-- Task statement --
The answer should hold only the lines from the one containing "この現代アート作品は、柔らかな黄色や muted blue" through the one containing "सुषमाजी के वक्तव्य" in the entries below, copied exactly, without pictures.

-- Input data --
[Start of section]

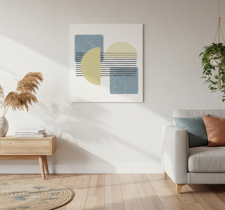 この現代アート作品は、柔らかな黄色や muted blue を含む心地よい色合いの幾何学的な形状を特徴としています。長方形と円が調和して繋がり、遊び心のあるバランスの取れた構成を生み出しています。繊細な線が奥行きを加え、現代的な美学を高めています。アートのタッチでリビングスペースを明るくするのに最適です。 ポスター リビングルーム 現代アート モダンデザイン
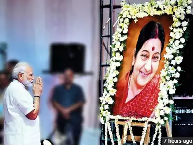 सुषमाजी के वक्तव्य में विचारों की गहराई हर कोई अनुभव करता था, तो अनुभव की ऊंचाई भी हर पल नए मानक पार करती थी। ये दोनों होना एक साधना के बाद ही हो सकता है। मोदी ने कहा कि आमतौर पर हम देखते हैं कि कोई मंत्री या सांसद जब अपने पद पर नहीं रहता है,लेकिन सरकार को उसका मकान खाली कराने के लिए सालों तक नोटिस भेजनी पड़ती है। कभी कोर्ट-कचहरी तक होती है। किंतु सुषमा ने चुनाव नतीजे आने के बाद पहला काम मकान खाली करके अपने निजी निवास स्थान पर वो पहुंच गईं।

[End of section]
[Start of section]

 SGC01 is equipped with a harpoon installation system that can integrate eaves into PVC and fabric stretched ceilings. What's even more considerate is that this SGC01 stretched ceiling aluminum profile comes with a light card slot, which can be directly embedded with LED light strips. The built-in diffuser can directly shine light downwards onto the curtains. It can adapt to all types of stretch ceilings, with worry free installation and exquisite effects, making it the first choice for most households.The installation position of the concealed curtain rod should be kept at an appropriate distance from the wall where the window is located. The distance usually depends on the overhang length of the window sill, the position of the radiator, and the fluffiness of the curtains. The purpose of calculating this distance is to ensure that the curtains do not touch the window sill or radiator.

[End of section]

-- Response to the exercise --
 この現代アート作品は、柔らかな黄色や muted blue を含む心地よい色合いの幾何学的な形状を特徴としています。長方形と円が調和して繋がり、遊び心のあるバランスの取れた構成を生み出しています。繊細な線が奥行きを加え、現代的な美学を高めています。アートのタッチでリビングスペースを明るくするのに最適です。 ポスター リビングルーム 現代アート モダンデザイン
 सुषमाजी के वक्तव्य में विचारों की गहराई हर कोई अनुभव करता था, तो अनुभव की ऊंचाई भी हर पल नए मानक पार करती थी। ये दोनों होना एक साधना के बाद ही हो सकता है। मोदी ने कहा कि आमतौर पर हम देखते हैं कि कोई मंत्री या सांसद जब अपने पद पर नहीं रहता है,लेकिन सरकार को उसका मकान खाली कराने के लिए सालों तक नोटिस भेजनी पड़ती है। कभी कोर्ट-कचहरी तक होती है। किंतु सुषमा ने चुनाव नतीजे आने के बाद पहला काम मकान खाली करके अपने निजी निवास स्थान पर वो पहुंच गईं।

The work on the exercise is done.